Jasin bertanya, “Kakek, di mana Ning?”
Wajah sang kakek tampak muram, tidak menjawab. Jasyu segera menyambar, “Kak, pada awalnya Ning sudah janji pada kakek akan hadir di pesta ulang tahun, tapi sampai sekarang belum datang. Kamu tahu sendiri, Ning itu sangat pendiam, sering tidak menepati janji seperti ini.”
Mendengar itu, sang kakek makin tidak senang. Masih kecil, sudah seenaknya melanggar janji. Hari ini bahkan sudah disiapkan tempat khusus untuknya. Ini benar-benar tidak bisa diterima!

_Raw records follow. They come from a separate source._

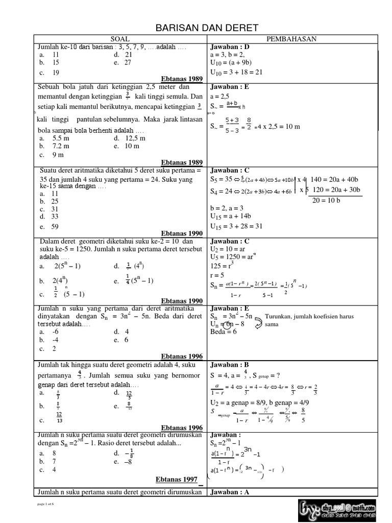 Rumus Barisan Dan Deret Aritmatika Dan Geometri Serta Pembahasan Dan Perbedaannya Jogjamatematika
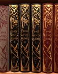 2. COUPERUS, Louis Proza. Amsterdam, Van Holkema & Warendorf, [1923-1925]. Drie delen. Oorspronkelijk verguld roodbruin heelleder, deel 1 en 2 met leeslinten (deel 3 werd daarvan niet voorzien). Koppen verguld. 324; 304; 320 p. 1e druk. Ruggen minimaal verschoten, leer heeft enkele kleine krasjes, beetje roest in het binnenwerk. Voorplat deel 1 deels verschoten. Helaas werd voor deze luxe-editie een zeer kwetsbare ledersoort gebruikt, waardoor perfecte sets eigenlijk niet bestaan.
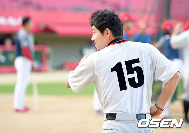 15일 오후 광주-KIA챔피언스필드에서 열릴 '2015 타이어뱅크 KBO 리그' KIA 타이거즈와 한화 이글스의 경기에 앞서 한화 이용규가 그라운드로 나가고 있다.
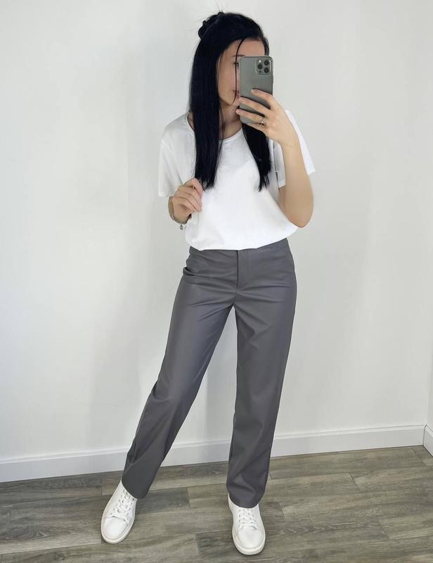 бл.фр.с. 💥💥 РОЗПРОДАЖ 💥💥 Штани ❤️❤️❤️❤️ Тканина екошкіра матова Колір мокко - розмір 42 Колір графіт - розмір 42 Штани застібаються на блискавку та гудзик, кишені декоративні
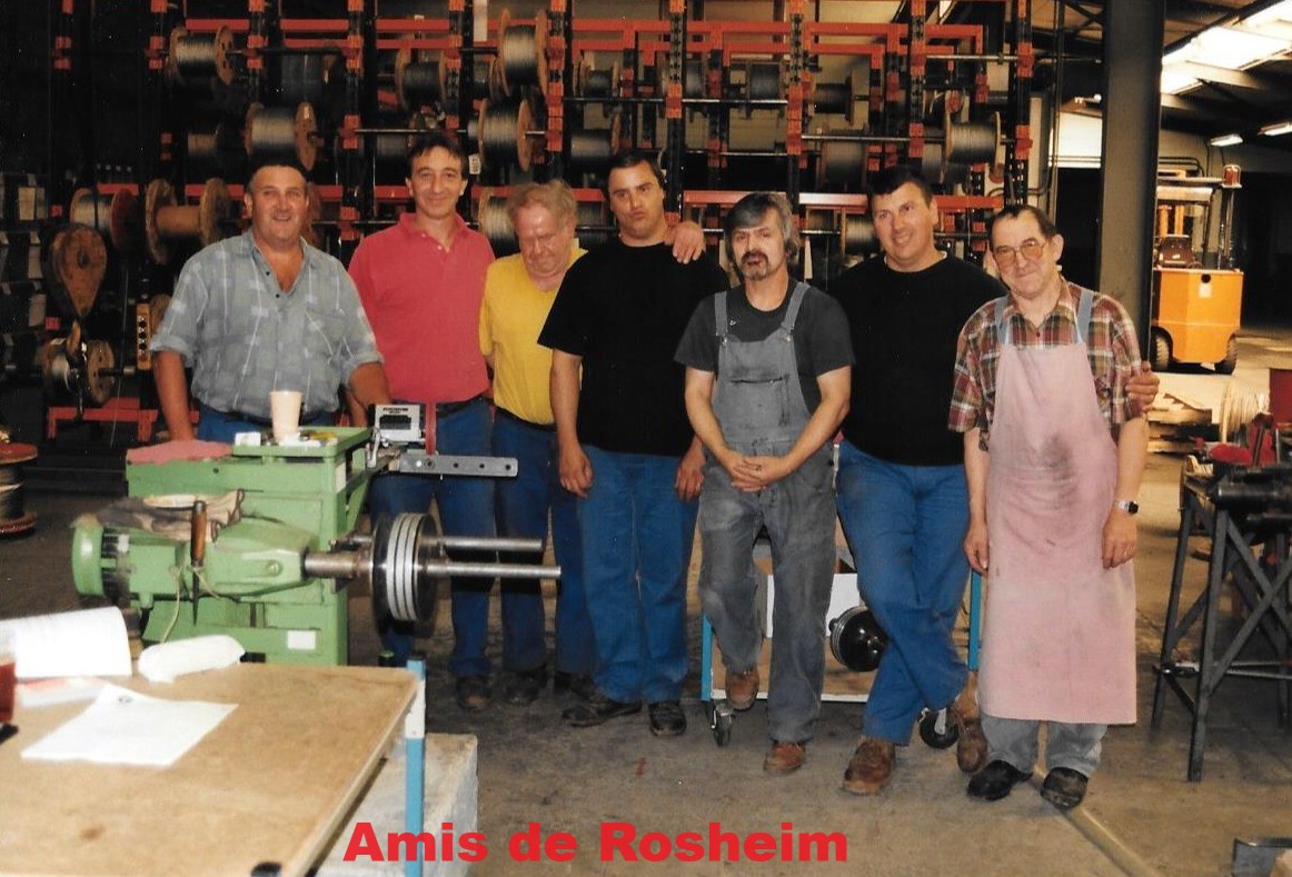 3 – Dans les ateliers de la rue du Général de Brauer. On reconnaît Wantz Gérard, Karner Willy, Kubler Joseph, Arnold Gérard, Loeber Denis, Furst Hubert…
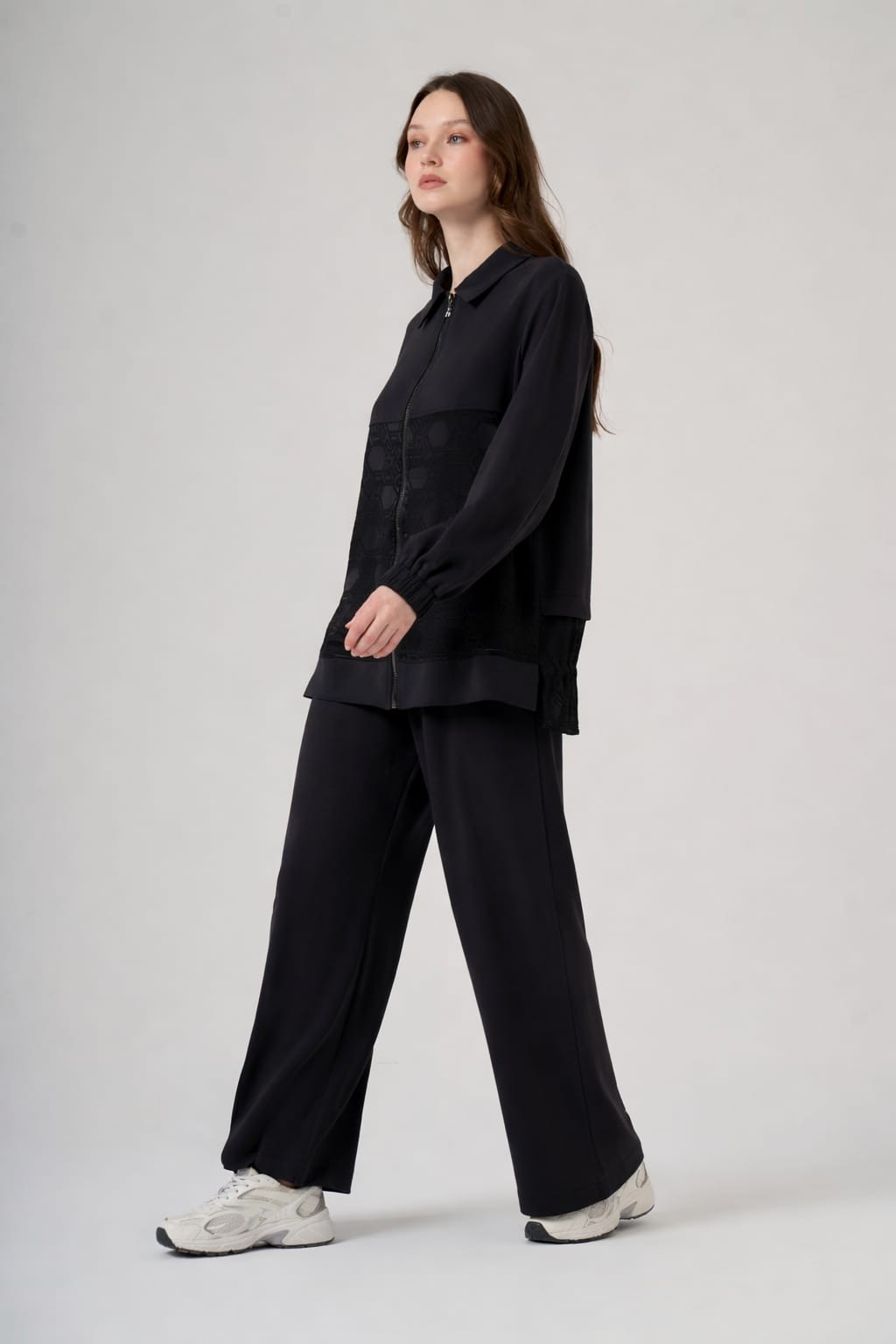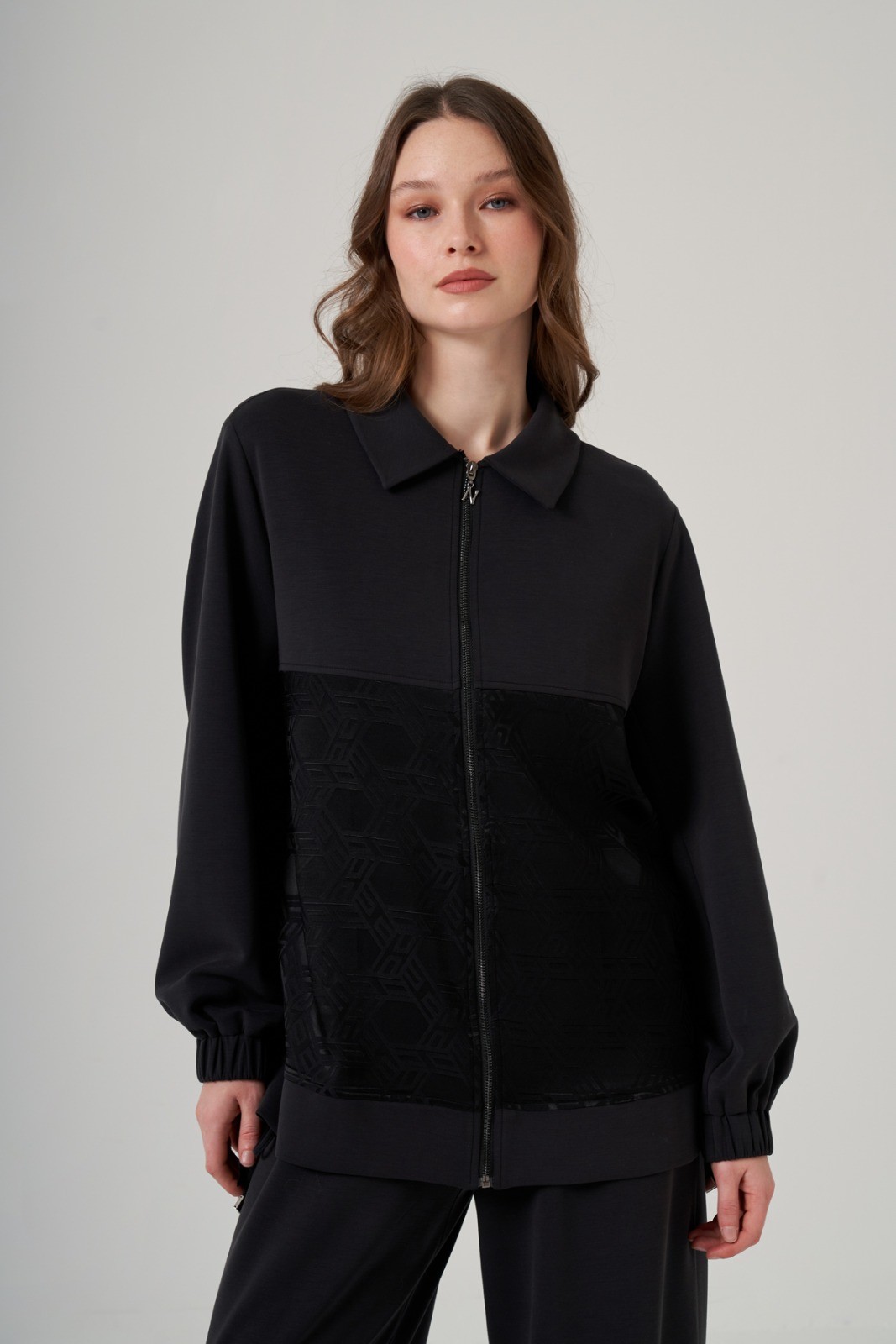 Kap Dik Yaka Düşük Kol Önden Fermuarlı Rahat Kalıp

“Jasyu, makan saja, jangan banyak bicara!” kata Jasin, yang memang tidak suka suasana rumah yang penuh sindiran seperti ini, makanya jarang pulang.
“Kak, aku cuma ngomong kenyataan! Ning memang...” Jasyu merasa sedikit tersinggung.
“Aku memang bagaimana? Jasyu, lanjutkan saja,” suara jernih terdengar, semua orang menoleh. Ning muncul di pintu aula, mengenakan gaun malam hitam.
Wajahnya bulat, kulit halus seperti susu, riasan tipis, rambut panjang terurai sampai pinggang, berdiri anggun.
Matanya terang seperti peri yang tersesat di hutan, semakin lama dipandang, semakin membuat orang tenggelam dalam sorot beningnya.
“Siapa itu? Putri keluarga ini juga?”
“Tidak tahu, belum pernah lihat sebelumnya...”
“Ning, kamu...” Jasyu berdiri kaget, tidak mungkin! Ia jelas sudah membubuhi obat tidur ke air minum Ning, seharusnya Ning tertidur sampai besok.
Bahkan jika Ning terbangun, pintu kamar juga sudah dikunci oleh Jasyu, bagaimana mungkin Ning bisa muncul di pesta ulang tahun?
“Ada apa? Jasyu, kamu tampak terkejut melihat aku... sampai-sampai tidak memanggilku Kakak, malah menyebut namaku langsung?” Ning tersenyum seperti bunga.